During the 60’s, former Mayor Erik Jonsson fought to depress Woodall Rodgers through the use of a trench, allowing construction of a deck over the freeway at a later time. He is quoted as saying I knew if they built the freeway at ground level, it would fence in downtown forever. His foresight and determination will now save downtown Dallas, as this park will create a vibrant connection between Downtown, West End, the Arts District and Uptown/Victory Park, giving Downtown workers and residents new places to shop and recreate within walking distance of their homes and a needed place to stroll in the moonlight after performances at the Arts District.
The supporting structure for the park is being built by Jacobs Carter Burgess. Steel beams will run along Woodall Rodgers and support a substructure deep enough to allow the planting of trees and plants and strong enough to support the park’s structures. The park is being planned and designed by well-known landscape architect James Burnett, FASLA and Dan Biederman, who worked on the very successful Bryant Park, the original site of Louis Paxton’s famous Crystal Palace Exhibition of the 1853 World’s Fair. Just as his work on Bryant Park restored a very quickly declining area of New York, it’s hoped that this park will bring new life to a somewhat stagnant Downtown and Uptown and feed a growing Arts District.
The Programming Strategy: To get people to the park, there has to be a draw, and to get people to walk anywhere in the hot Texas sun, it has to be goooood. The design is driven by the program, says Biederman. The idea is to program the park so that there’s always a reason to go and always something to do at any time of day. The programming will be essential to creating needed activity for the area and will be the #1 key element in the success of the park and the area as a whole. Dan Beiederman says he hopes the park will be jammed between 5 and 11 pm. He wants to accommodate singles in a social place at lunch and after 5pm. Much like Bryant Park, the park will include a reading room, places to play chess, kiosks to sell food. In Dallas’ park, he adds a dog park, a performance stage and a children’s playground to complete the picture, creating activity around the clock 7 days/week.
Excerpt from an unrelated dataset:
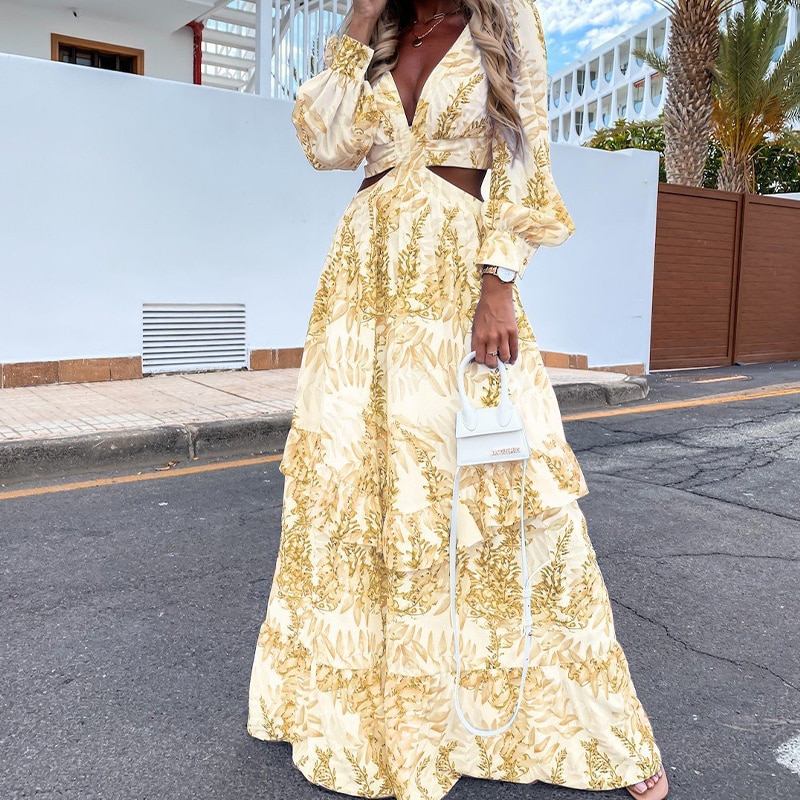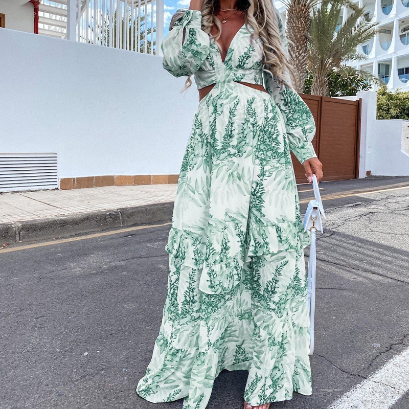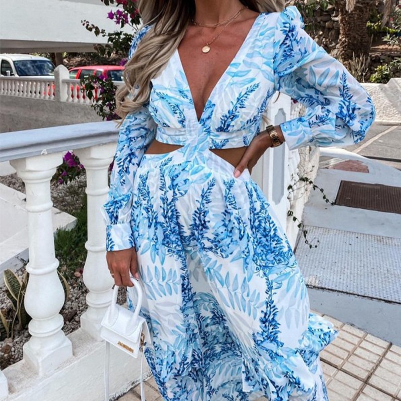 Women Tunic Beach Cover Up Dress 2023 Summer V-Neck Backless Hollow Out Lantern Sleeve Long Dresses Female Club Party Maxi Dress

This park will give Dallas a new pulse and breathe new life into the city. The new uses that the park will provide are in demand in the area, and the additional connectivity should further stimulate this demand, filling in some gaps and encouraging further development. The park’s strategic location will make the entire area more walkable. Currently, area residents don’t have much of a choice except to drive to meet basic needs. The new park will provide a big chunk of activity, giving a sudden jolt of life to the area, something the City has been trying to achieve for many years.
As a Dallasite, I’m anxiously awaiting the park’s completion, currently scheduled for 2011. In contrast to many modern parks, which can be sterile and uninspiring, I have hopes of a design with character, colorful artwork and well-established shade trees. With the park’s key location between Downtown, the Arts District, and Uptown, the park’s design can either make or break the city. If the design is good, people will use it, and Dallas will be more successful as a place to live and work. As the park’s architect has been quoted as saying, [G]reat cities have great parks, and I’m hoping this new park will help make Dallas great.
The park is being funded by both private and public funds. The project started as a private effort, with John Zogg, then of Crescent Real Estate Equities, Linda Owen, of the Real Estate Council (TREC), and Jody Grant of Texas Capital Bank. Mayor Johnson’s daughter and son-iin-law were early donors, and many other area businesses and cultural leaders have made substantial efforts. Much work and support has also come from the public sector, including the City of Dallas, Lieutenant Governor David Dewhurst, and a number of state senators. Dallasites are very grateful for all their efforts.